The Ex Factor

Everybody has that ex, right? The one who – you don’t want to be with anymore – but you don’t want to know they’re with someone else either. Especially not before YOU’RE with someone else.

I spent a good portion of my 20s in love with someone. It didn’t end well. (Understatement.)

And as I sat there crying on the phone to my mom about the last straw – a straw that pulled the proverbial camel’s legs right out from under her before breaking her back – I lamented wishing he would have punched me. Physically left a mark for the damage he had done. I thought that would make it easier to walk away. My mom responded with a phrase not only have I never forgotten, but one I’ve reminded myself of several times in the years since. “He did punch you. He punched you in the heart.”

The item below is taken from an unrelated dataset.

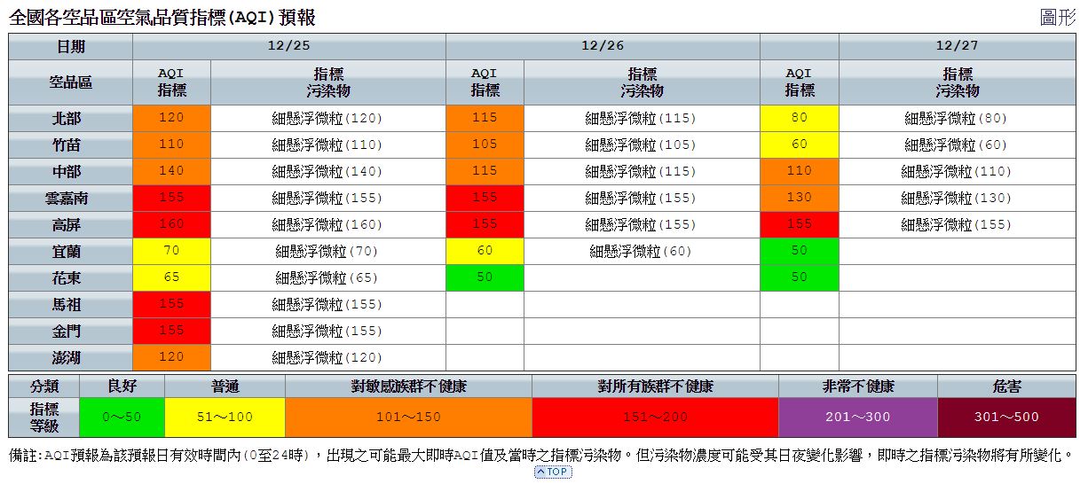 今天中部以北會達到橘色提醒等級,中部以南和金門、馬祖地區則會到紅色警戒等級,宜蘭、花東是黃色普通等級;明天(26日)則因為大陸冷氣團減弱,氣溫明顯回升後讓西半部擴散條件變差,中部以北將是橘色提醒,中部以南仍有機會達到紅色警戒,宜蘭維持黃色普通,花東則有機會變回綠色良好的狀態。
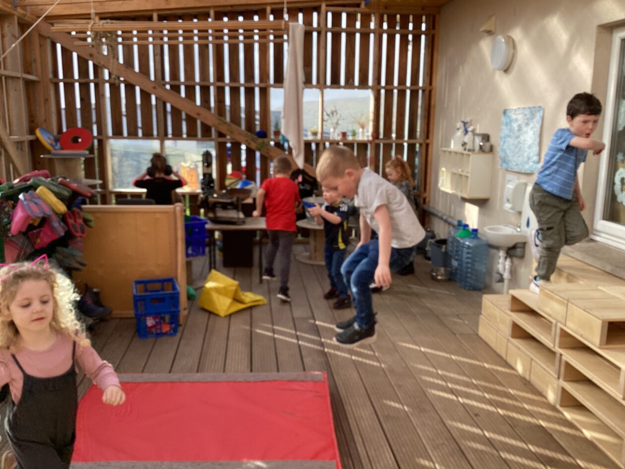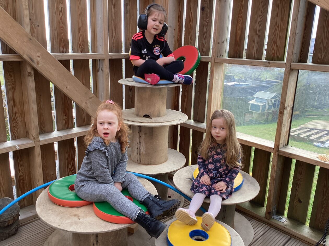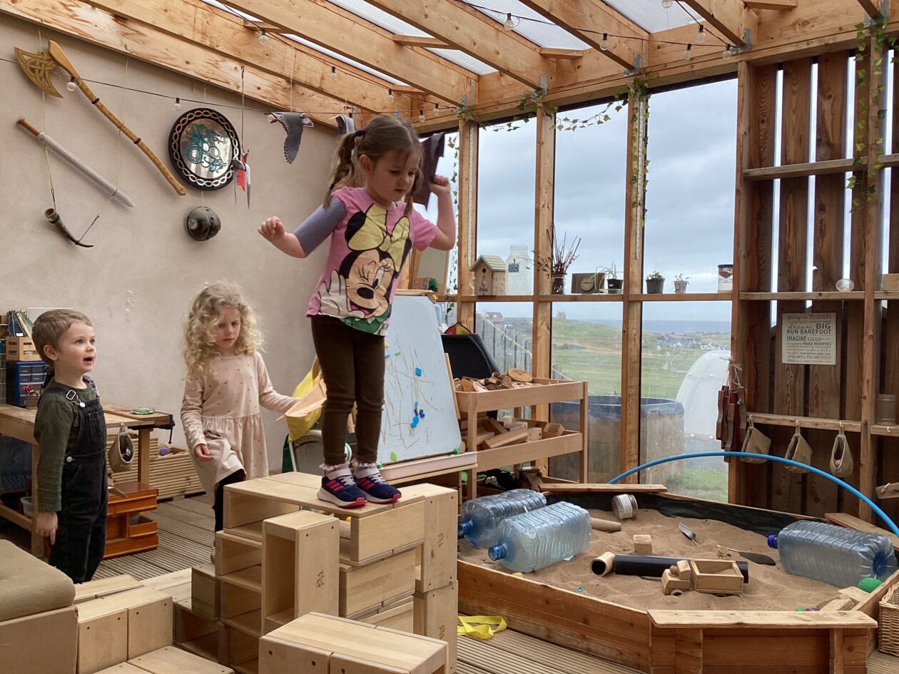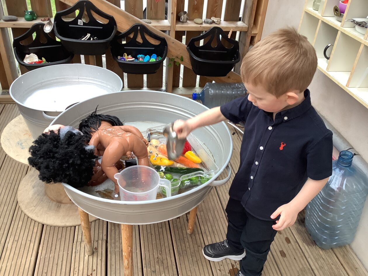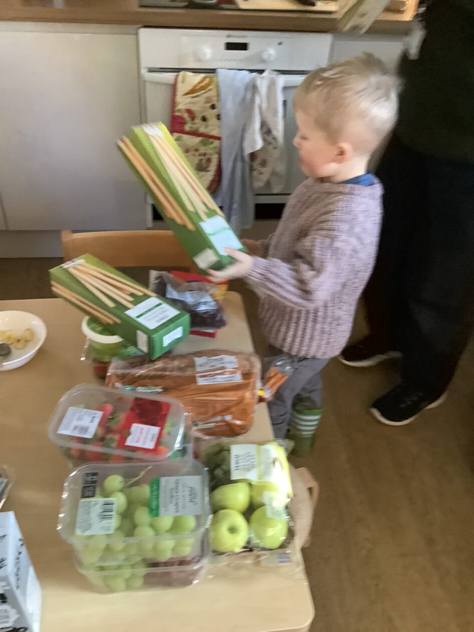 The outdoor room is always a popular choice and a great place to observe schemas (a repeated action used to explore and test theories in play). The bairns have used positioning, transporting, trajectory, enveloping, rotation and enclosure schemas in their play this week. They made paper aeroplanes and then built a platform to launch their planes from, watching how far they flew. They have also been engaged in imaginative play using the large hollow blocks and cable drums as fishing boats. “He is da een dat goes in da water. He is da fishing een and I’m da Captain.”

Ok, it sounds kind of cheesy. But it was exactly what I needed to hear then. And what I remembered in the subsequent months when he thought reconciliation was a possibility and I had to remember why missing the good times wasn’t enough.

I remember the ecstatic feeling of closure I felt the last time I saw him, when I knew I was really done and there was someone better for me out there. Somewhere. I told him we had too much history to ever try again. And I meant it. I couldn’t just erase things from memory. There was nothing left to fight for. I told him he needed to find someone new so he could have a clean slate. A fresh start.

Well, because social media is both poison and wine, I see he has finally met someone. Like the kind of someone you go on vacations with. And while initially I had the strong taste of bile in the back of my throat, it only took a couple minutes for me to realize it means he did exactly what I told him to. All the sudden I was actually happy for him.

And I will be…unless he has a baby before me. Ok, I’ll still be happy then because he’s a lot older than me.

It scares me how well therapy works, you guys.